Research Lines

I am currently a research fellow at the Basque Centre for Cognition, Brain and Language where I lead three independent research projects: 1) “Speech rhythm in language acquisition and speech evolution”, funded by Ikerbasque (2015-2020); 2) “Bilingual Metacognition: The effect of linguistic experience on the neural mechanisms of metacognitive processing in the linguistic domain” funded by the Spanish Ministry for Research and Development MINECO (2017-2020); and 3) “Cognitive and neural mechanisms for splitting continuous sensory input into discrete constituents in different domains and modalities”. Below, I outline the main objectives and premises for these three research lines which I propose to continue investigating.

For more information on each research line, click the image following the outline of each research line

Speech rhythm in language acquisition, speech evolution and language change

Rhythm is fundamental to every motor activity. The mechanisms for controlling motor rhythm have been inherited by mammals from their distant evolutionary ancestors and are shared by all vertebrates.
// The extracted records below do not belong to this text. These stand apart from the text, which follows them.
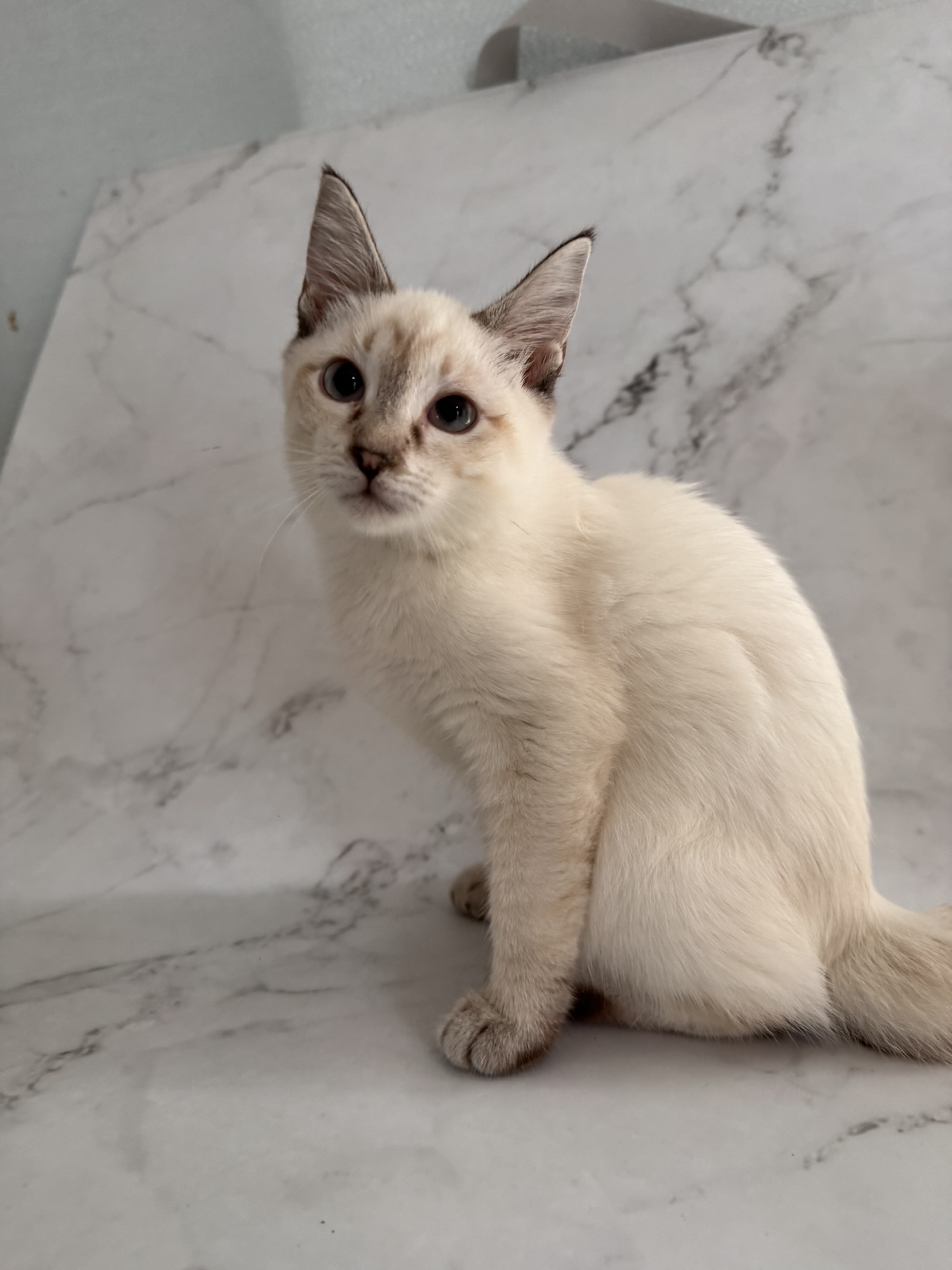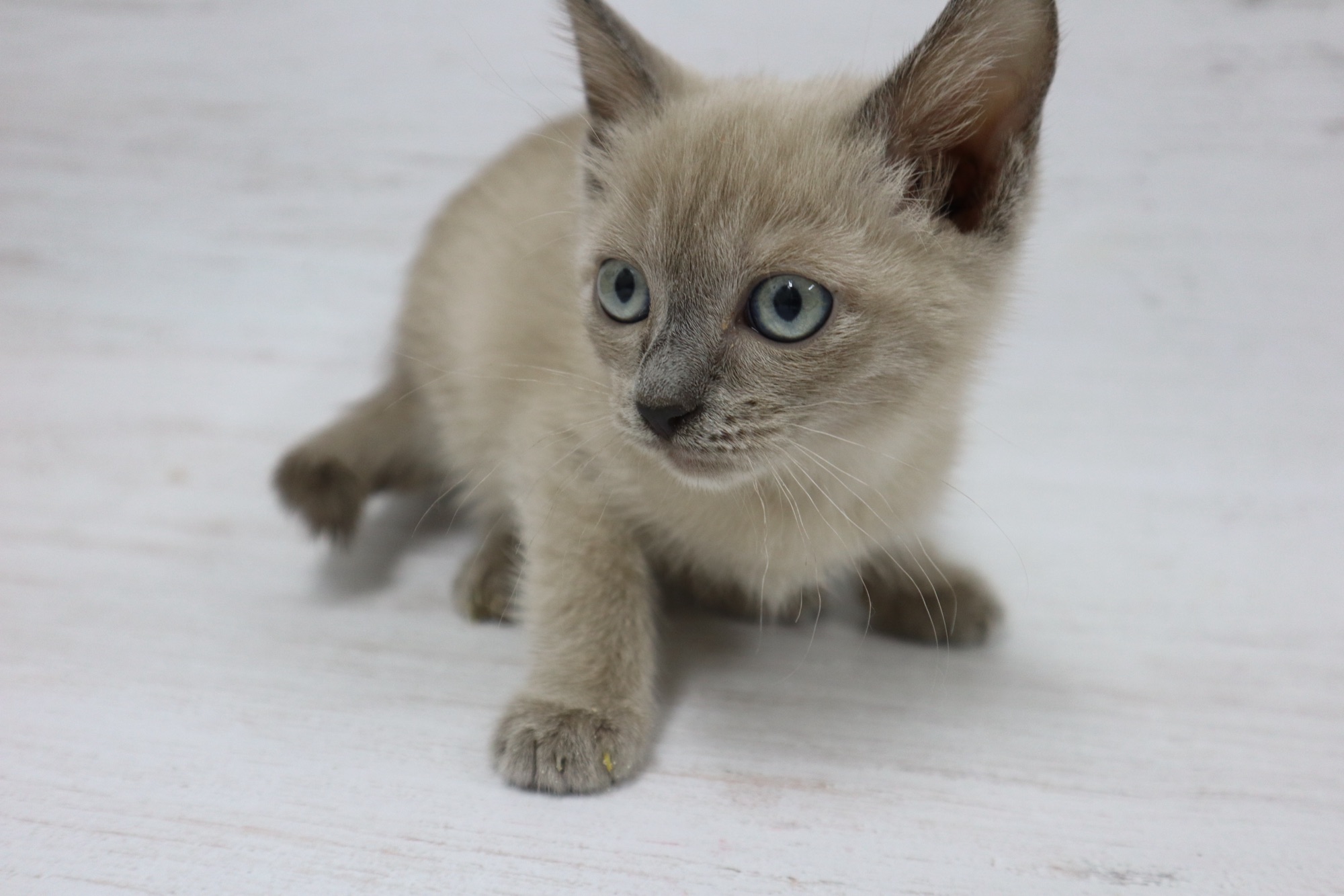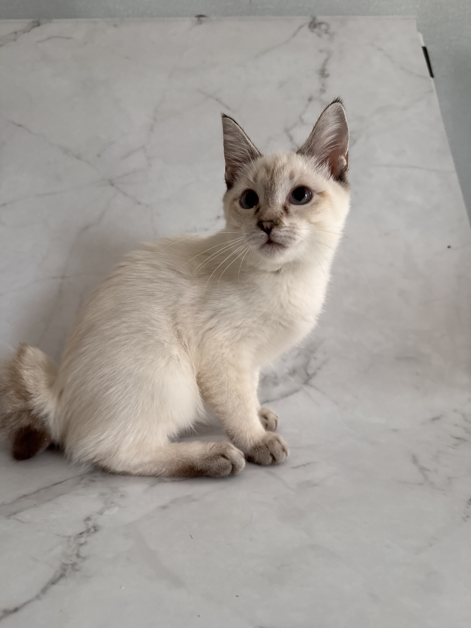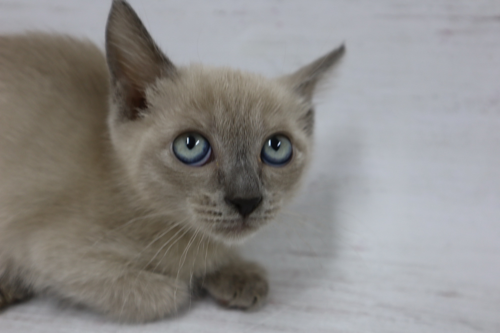 とても小さいシールリンクスポイントの男の子です。お目目がまん丸です。トイボブらしい体をしています。お父さんは、フラッフィー ロシア出身です。お母さんは、コンスタンティーナ【チョコレートトルティー) ロシアとアメリカのハーフの子です。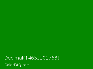 Decimal 14651101768 Color is a dark green color and the nearest color is Office Green #008000. Hex code #058800 and RGB value is rgb(5,136,0). In RGB color space, this color is composed of 2% red, 53% green, 0% blue, In CMYK color space, this color is composed of 96% cyan, 0% magenta, 100% yellow , 47% black , In HSL color space, this color has a hue angle of 118° , 100% saturation and 27% lightness.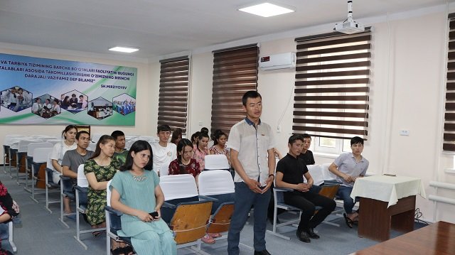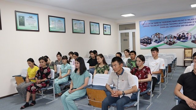 Yoshlar bilan ishlash, ma'naviyat va ma'rifat bo‘limi boshlig‘i A.Seytkamalov va tyutor A.Baymuratov ishtirokida o‘tkazilgan muloqot davomida yotoqxonadagi ichki tartib intizom, belgilangan qoidalarga amal qilish, darsdan bo‘sh vaqtlarini foydali va maqsadli tashkil etish masalalari haqida so‘z yuritildi.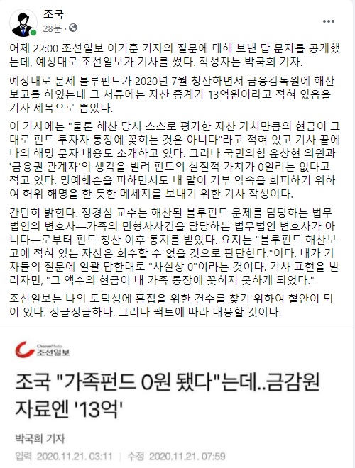 제 학문적 입장을 가장 정확히 정리한 기사 [시사인] 조국의 "하나하나 따박따박" 소송전 news.v.daum.net/v/202008171635…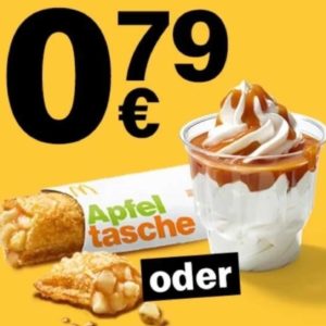 Mit der McDonalds App bekommt man aktuekk eine Apfeltasche oder ein McSundae für 0,79€. Der Coupon ist bis 27.01. gültig.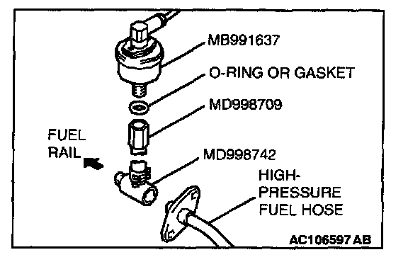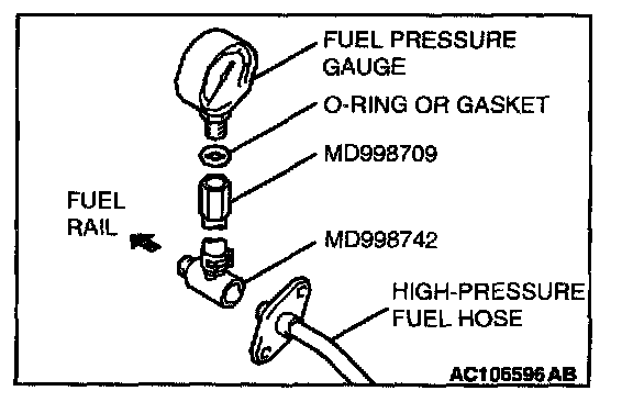b. Place a suitable O-ring or gasket on assembled special tools MD998709 and MD998742 and install the fuel pressure gauge.
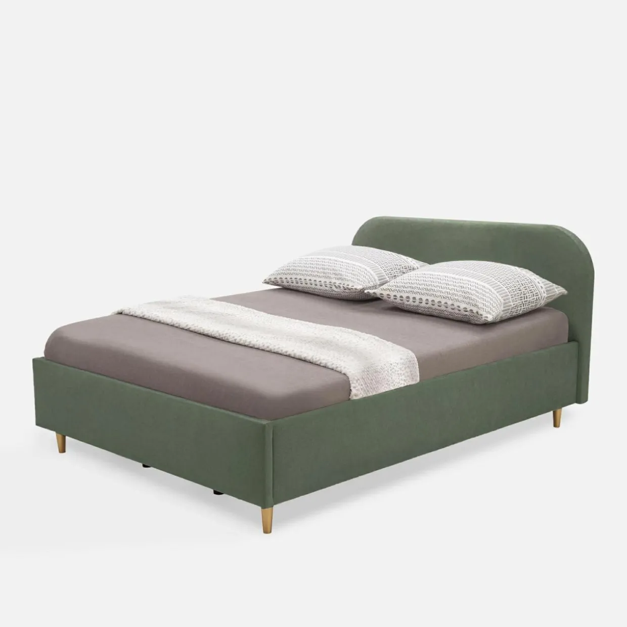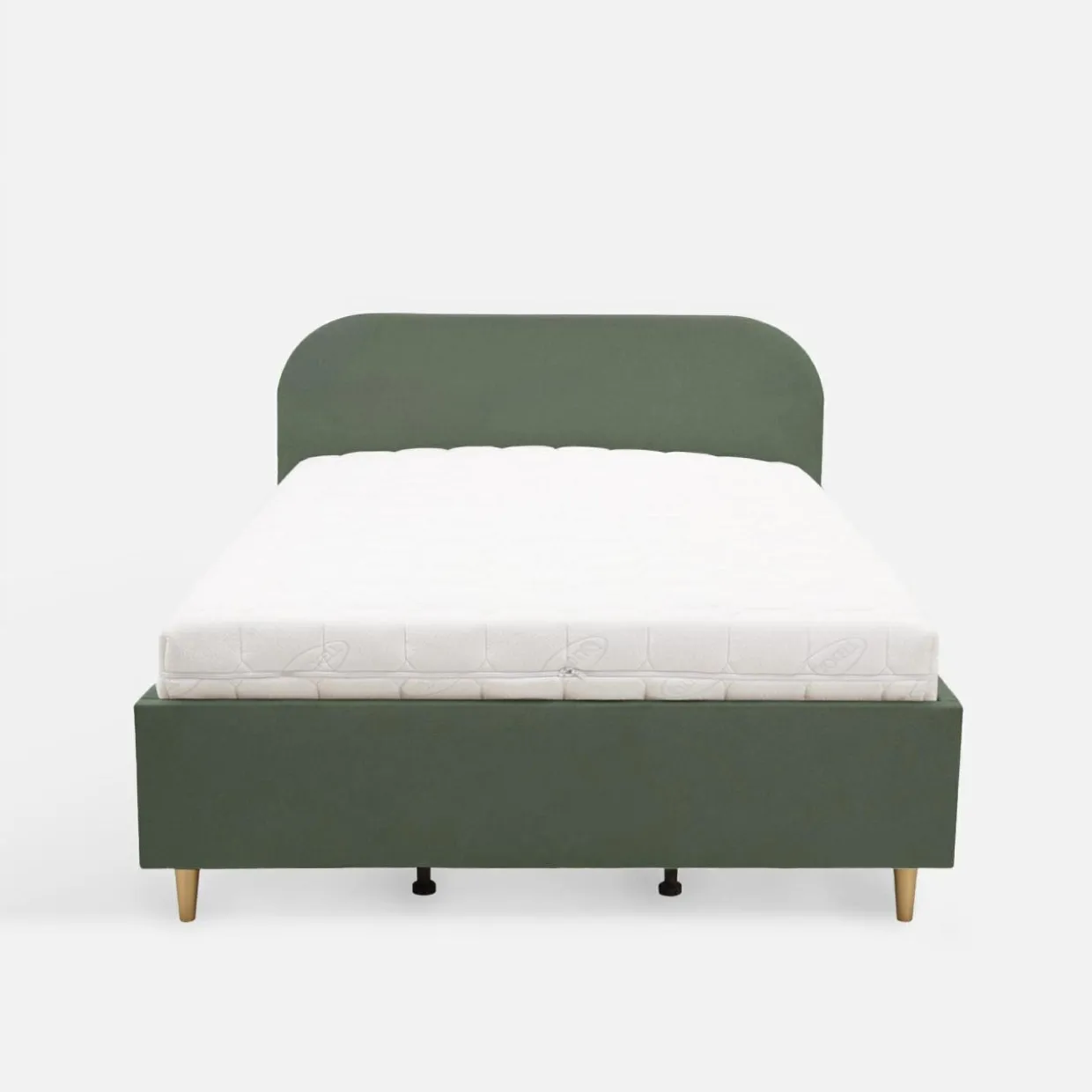 Marzysz o sypialni w stonowanych barwach? Łóżko SANTADI urzeknie Cię oliwkowym welurem i złotymi nóżkami, które stworzą aranżację pełną harmonii.

As speech production is a kind of motor activity, investigating speech rhythm can provide insight into how general motor patterns have been adapted for more specific use in articulation and speech production. Studies on speech rhythm may further provide insight into the development of speech capacity in humans. As the capacity for vocal communication is putatively a pre-requisite for developing a language faculty, studies on speech rhythm may also cast some light on the mystery of language evolution in the human genus.

Although every human individual possesses the same neural, anatomical, and physiological mechanisms for controlling speech rhythm, rhythmic patterns differ across languages. These language-specific patterns of motor activity are based on general physiological mechanisms, yet shaped by the peculiarities of the ambient language and by cultural transmission between populations sharing a given language. As speech rhythm patterns are simultaneously naturally-occurring and culturally transmitted, studying speech rhythm opens a window onto nature–nurture interactions in language use and acquisition.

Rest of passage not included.